L’équipe de « Un amour possible » au 51e Festival international du film de Toronto [Netflix et Shutterstock. Reproduction et archivage interdits]
L’équipe de « Un amour possible » au 51e Festival international du film de Toronto [Netflix et Shutterstock. Reproduction et archivage interdits]

Des retrouvailles après 23 ans et de nouveaux visages qui transforment le tournage du maître

Lors de la séance de questions-réponses qui a suivi la projection, les acteurs ont livré des témoignages particulièrement vivants. Seol Kyung-gu, qui incarne le travailleur licencié, a expliqué avoir « essayé de faire resurgir les souvenirs intenses d’il y a 23 ans ». Mais il a aussi décrit une atmosphère de tournage radicalement différente : « Contrairement à l’ambiance solennelle de l’époque, l’arrivée de nouvelles énergies, celles de Jo In-sung et de Jo Yeo-jeong, a rendu le tournage étonnamment joyeux et émouvant. »

Jo In-sung, qui interprète Sang-woo, l’héritier d’un conglomérat, a raconté : « Je voulais briser le moule du capitaliste stéréotypé. Sans fixer de réponse toute faite, j’ai échangé avec le réalisateur avec intensité et j’ai pu savourer une liberté d’interprétation totale. » Jo Yeo-jeong, qui joue Ye-ji, personnage considéré comme le double du réalisateur, a confié : « La pression était forte, car je devais incarner le regard du metteur en scène. Mais l’environnement qu’il a créé m’a permis de respirer pleinement à travers le personnage et de dépasser mes limites. »

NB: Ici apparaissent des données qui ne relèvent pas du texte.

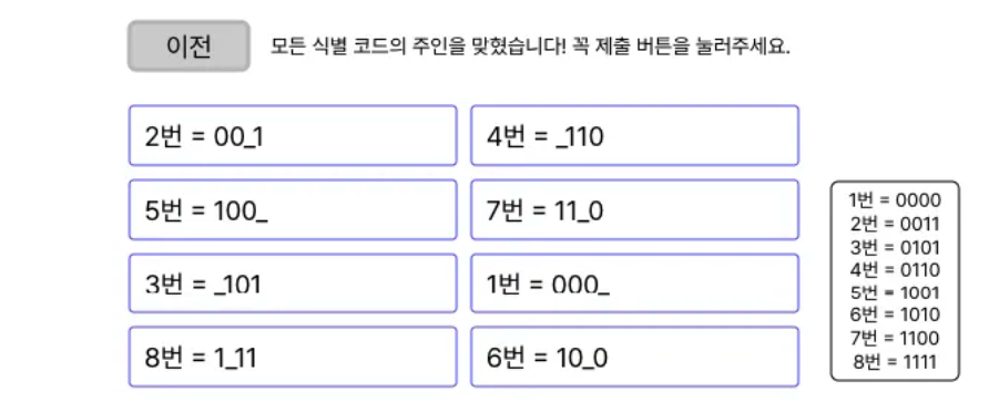 어느 글자를 가리더라도 각각의 번호가 유일할 수 있도록 해야 합니다. 각각을 숫자로 생각하지 않고 구별하기 위한 기호라 생각하고 번호를 만들어 줍니다. 첫 번째로 1번부터 8번까지 00001111 을 입력 합니다.
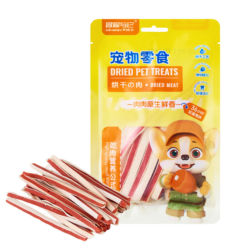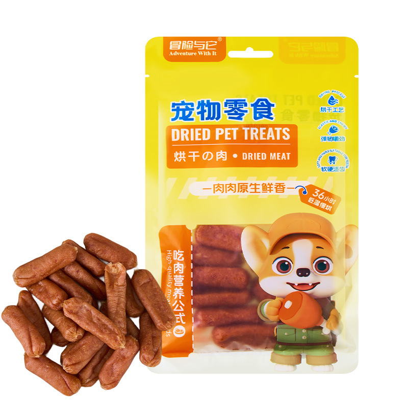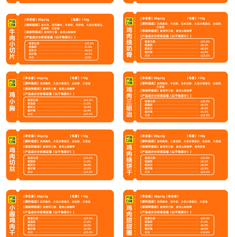 Тертая говядина – 110 г.; Мясо говядины небольшие ломтики-110г; Грудка куриная - 110 г.; Шинкованная курица-110г; Куриное вяленое мясо маленькое круглое-110г; Куриная колбаса - 110 г.; Курица, обернутая молочной костью-110г; Сэндвич с курицей-110г; Печенье с курицей-110г; Куриный пончик-38г одинарный
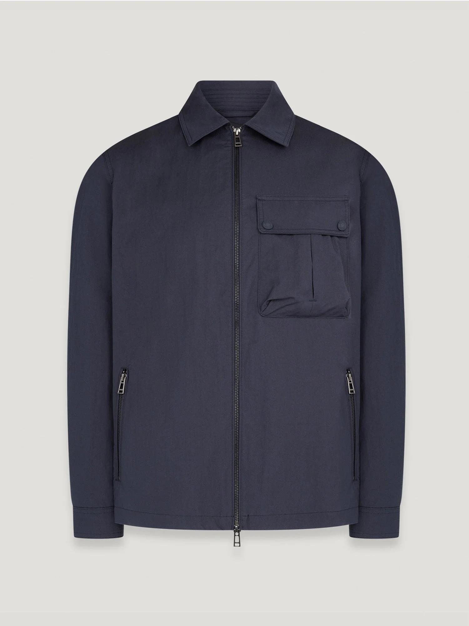The Drome overshirt in Dark Ink is a versatile piece with pleated Belstaff utility pockets. It's made from cotton nylon gabardine – combining cotton yarn with strong nylon filaments to achieve softness and smartness. The water-repellent finish is perfect for inclement weather. DETAILS - Cotton nylon gabardine with PFAS free water-repellent finish - Versatile overshirt style with utility pleated Belstaff pockets - Rubber coated tonal hardware - Tonal embroidered edge Belstaff phoenix patch on left sleeve - Centre front zip opening - Adjustable press stud cuff fastening - One bellows, pleated chest pocket, Two side entry hip pockets - Water repellent - By choosing our cotton products, youare supporting Belstaff's investment in Better Cottonas mission. This product is sourced via a system of mass balance and therefore may not contain Better Cotton. Learn more at bettercotton.org/learnmore - Shell: 60% Cotton 40% Nylon - Product ref: 105450DKINK SIZE AND FIT - Fitted across the shoulders, with an easy fit through the body - Model wears a size L - Model measures: Height: 6'3", Chest: 38", Waist: 32"
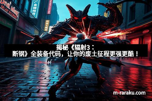 总结一下,掌握《辐射3:断钢》的全装备代码,不论你是想轻松过关,还是追求极致体验,都能助你一臂之力。下一部分我将为你揭秘更详细的装备秘籍,告诉你如何获取这些代码,甚至教你自己制作专属秘籍,开启属于你的废土王者之路。
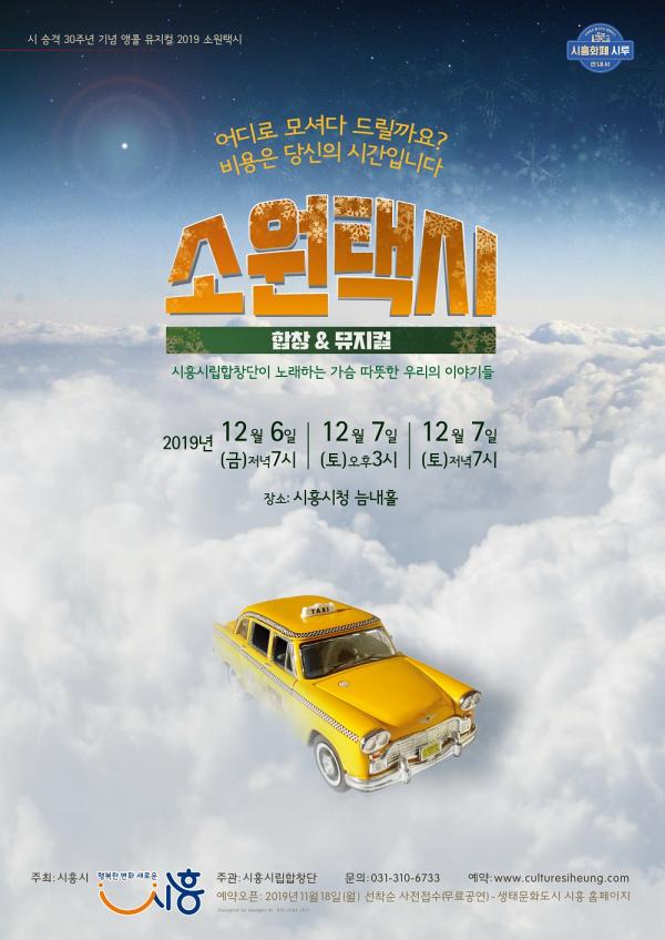 2018년 초연당시 시흥시민들의 많은 사랑을 받았던 창작합창뮤지컬 [소원택시]는 올해 새롭게 단장했다. 누구나 한번쯤 들어보았을 귀에 익은 가요와 눈에 익은 장소들을 바탕으로 ‘가족’에 대한 따뜻한 이야기를 그리고 있다.
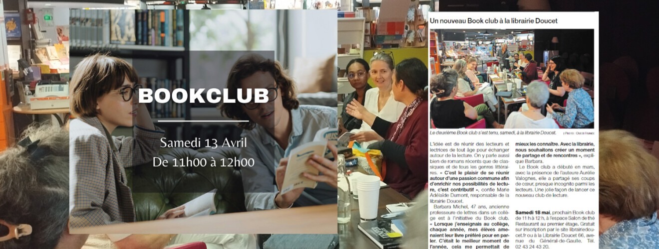 Le prochain Book Club sera le samedi 18 mai de 11h à 12h, sur inscription à la librairie Doucet, Le Mans.
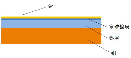化學(xué)鎳金,英文縮寫為ENIG,英文全稱為Electroless Nickel/Immersion Gold。ENIG的結(jié)構(gòu)如下圖:
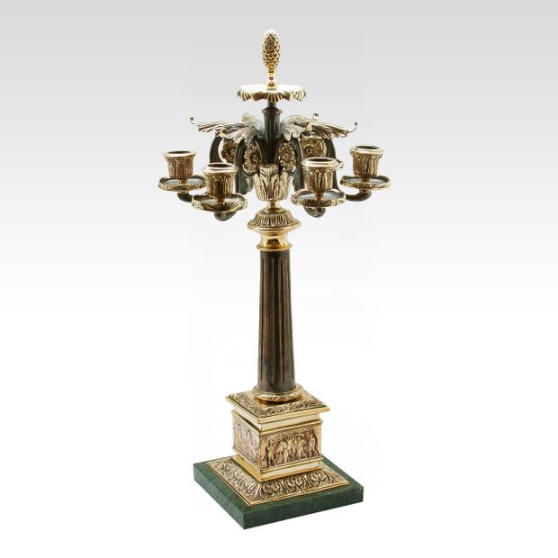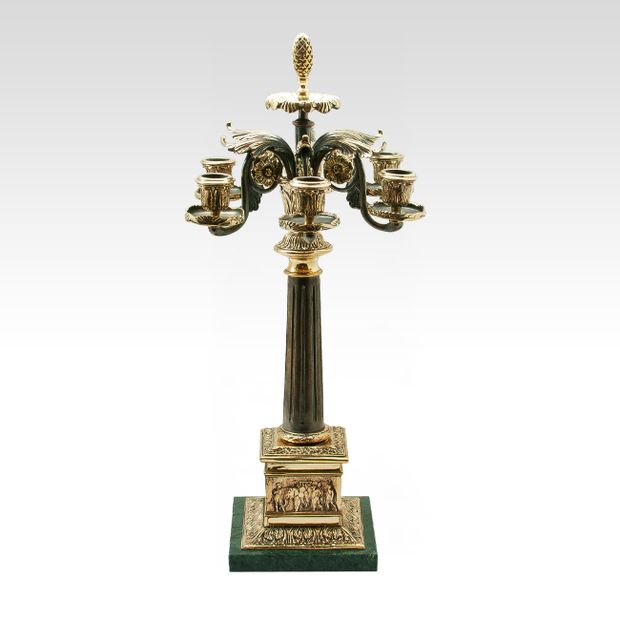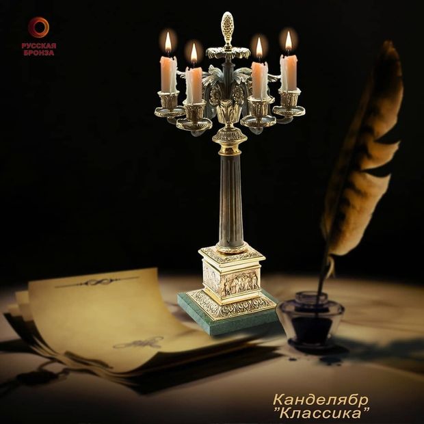 Канделябр выполнен в лучших традициях старинного декоративно-прикладного искусства из золотистой бронзы. Создан по оригинальному эскизу методом художественного литья. Художники детально проработали каждый декоративный элемент, что позволило придать изделию особый лоск и выразительность.
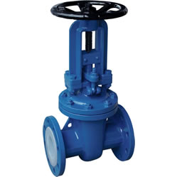 Z41F46 型 PN16、PN25 氟塑料衬里楔式闸阀:手动、法兰连接、明杆楔式刚性单闸板,阀座密封面材料为聚四氟乙烯,公称压力 PN16~PN25,阀体材料为灰铸铁衬氟塑料的闸阀。
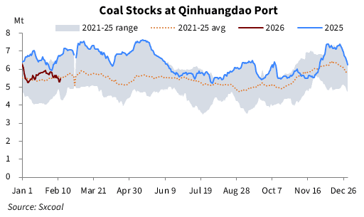 Qinhuangdao, one major coal transshipment port in northern China, saw coal stockpiles tumble further in the week ending February 13, as offtakes continued to outpace rail inflows at the port.
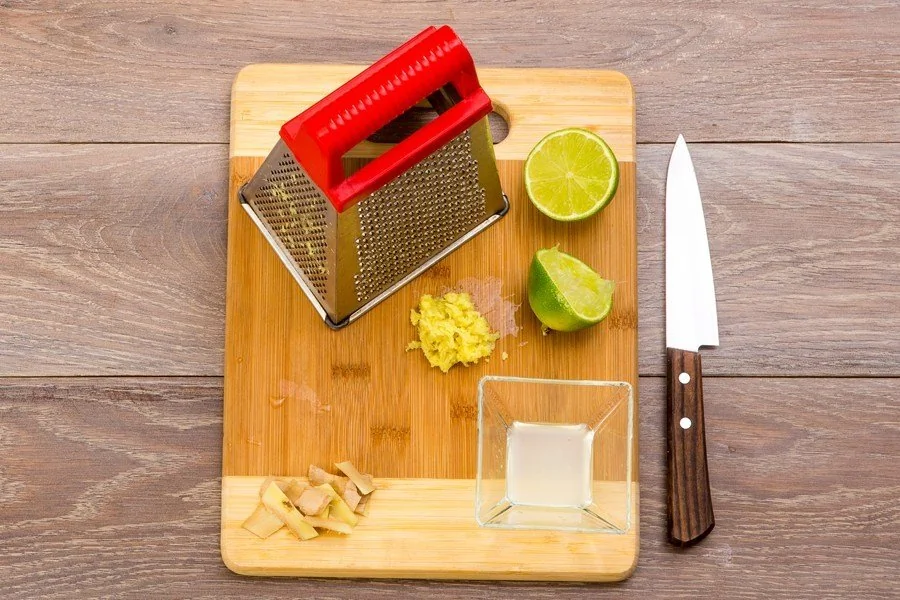 ШАГ 1 Очистите имбирь и натрите на мелкой терке; выжмите сок половины лайма.

Avec « Un amour possible », Lee Chang-dong met fin à huit années de silence depuis « Burning » (2018). Le film avait déjà été annoncé comme un chef-d’œuvre en remportant le Grand Prix du jury de la compétition de la 83e Mostra internationale du film de Venise. Porté par les éloges de la critique internationale, il sortira officiellement dans les salles sud-coréennes le 23 et sera disponible dans le monde entier sur Netflix le 6 novembre.